The duration of HFNC or conventional oxygen therapy prior to intubation was not significantly different. The duration of time with the requirement of FiO2 of more than 70% was significantly higher with conventional oxygen therapy. The incidence of extrapulmonary organ involvement at 7 days not different, based on the SOFA scores.

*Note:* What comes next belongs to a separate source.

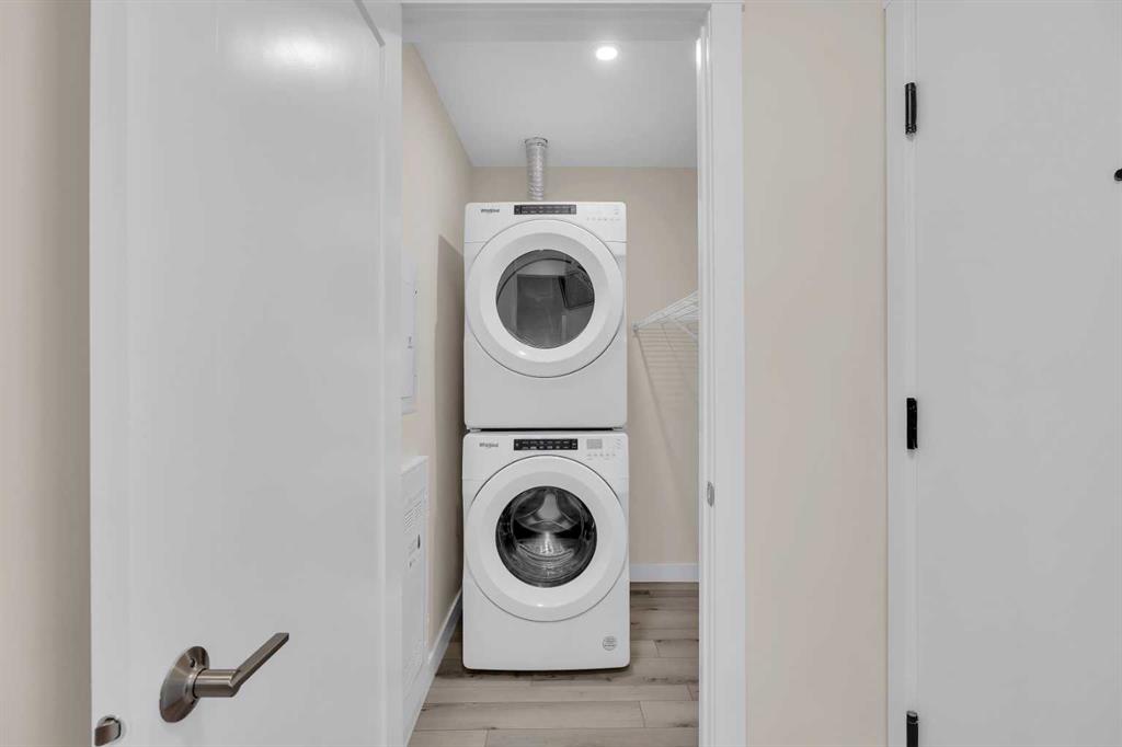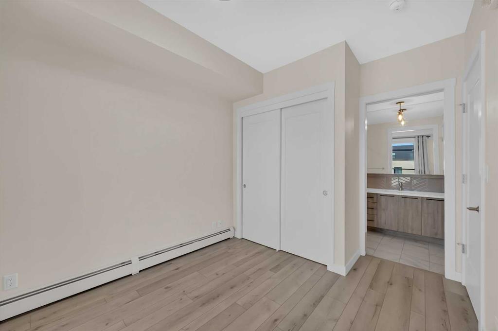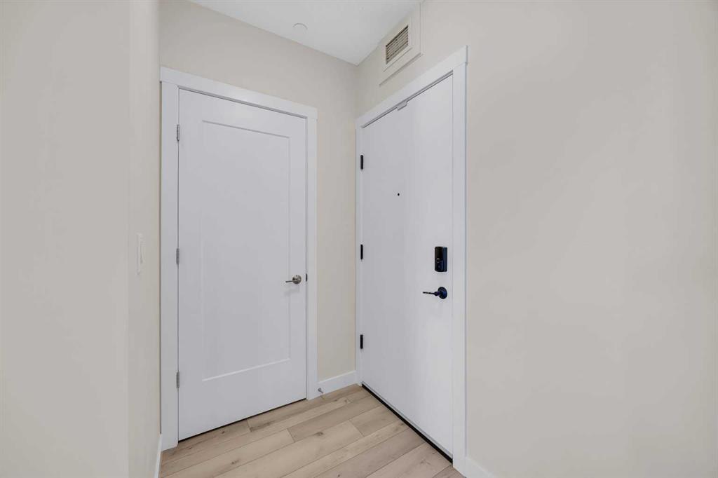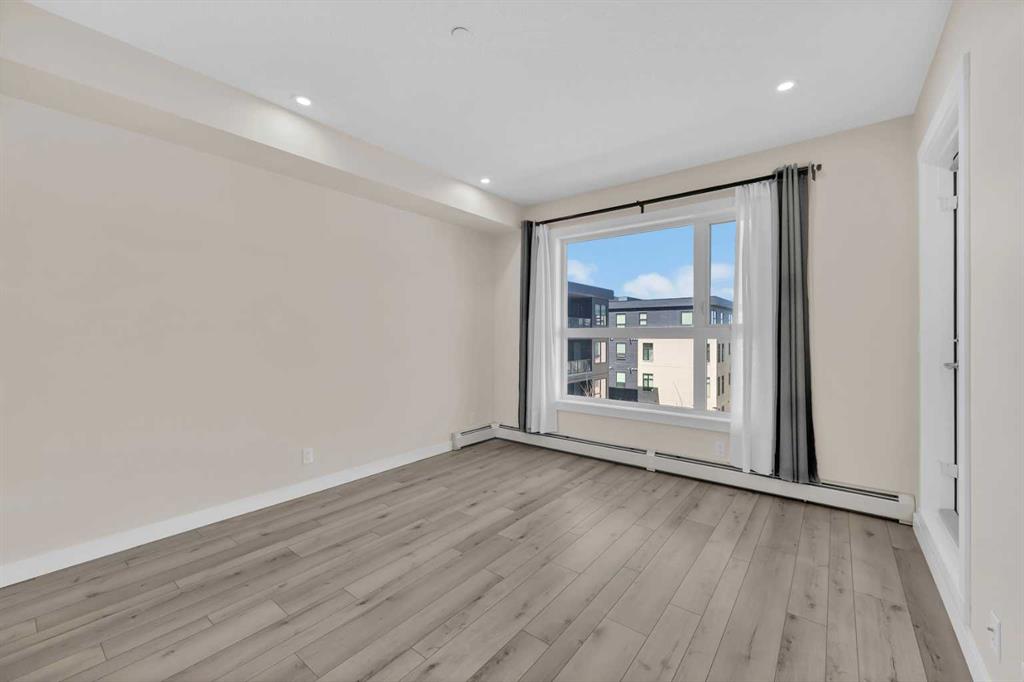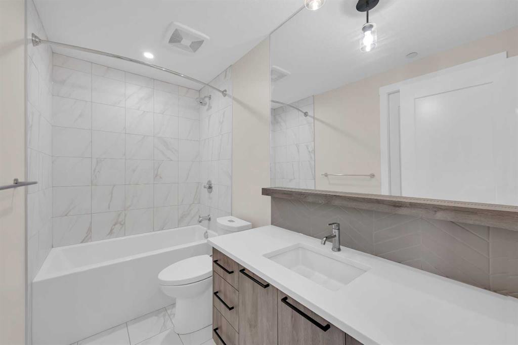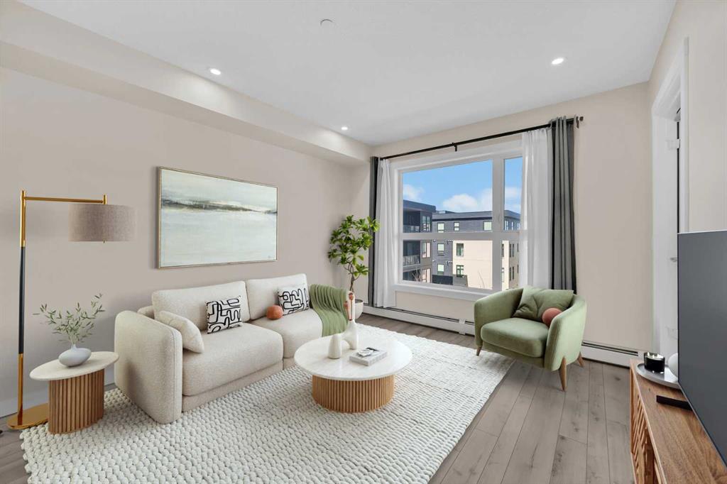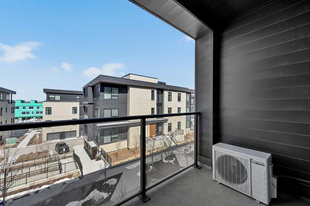 Welcome to Capella in University District — a contemporary, well-built condo nestled in one of Calgary's most sought-after and walkable NW communities. This immaculate one-bedroom, one-bathroom home is move-in ready and offers the perfect lock-and-leave lifestyle without compromise. Inside, the OPEN-CONCEPT layout is bright and airy, carried throughout by WIDE-PLANK VINYL FLOORING and recessed LED pot lighting. The kitchen is a standout, featuring warm wood-tone cabinetry paired with sleek dark upper cabinets, a QUARTZ WATERFALL ISLAND, chevron tile backsplash, and a stainless steel appliance package including a BUILT-IN microwave and gas range — stylish and functional in equal measure. The living and dining areas flow seamlessly from the kitchen, with a LARGE WINDOW flooding the space with natural light and views of the surrounding community. The bedroom offers a comfortable private retreat with easy access to the four-piece bathroom, while IN-SUITE LAUNDRY keeps daily convenience close at hand. AIR CONDITIONING ensures year-round comfort. Step outside and University District delivers — parks, playgrounds, scenic pathways, Save-On-Foods, top cafés, restaurants, and daily essentials all within walking distance. The University of Calgary, Alberta Children's Hospital, Foothills Medical Centre, Market Mall, and Brentwood C-Train Station are all just minutes away. Capella's landscaped courtyard and on-site fitness centre complete the lifestyle package, along with an underground parking stall and assigned storage locker. An exceptional opportunity for professionals, downsizers, or investors in the heart of University District.

On subgroup analysis, the requirement for intubation was lower with HFNC compared to conventional oxygen therapy among patients less than 60 years old. In patients 60 years or older, the difference was non-significant. Among patients with an IL-6 level of less than 100 pg/ml, the requirement for intubation was less in the HFNC compared to the conventional oxygen group. The difference was not significant between groups in patients with IL-6 levels ≥100 pg/ml. There was no difference in intubation rates between groups among patients with a P/F ratio of 100 mm Hg or more compared to less than 100 mm Hg. There was no difference between subgroups regarding the time to clinical recovery. All subgroup analyses were exploratory and not adjusted for possible confounders.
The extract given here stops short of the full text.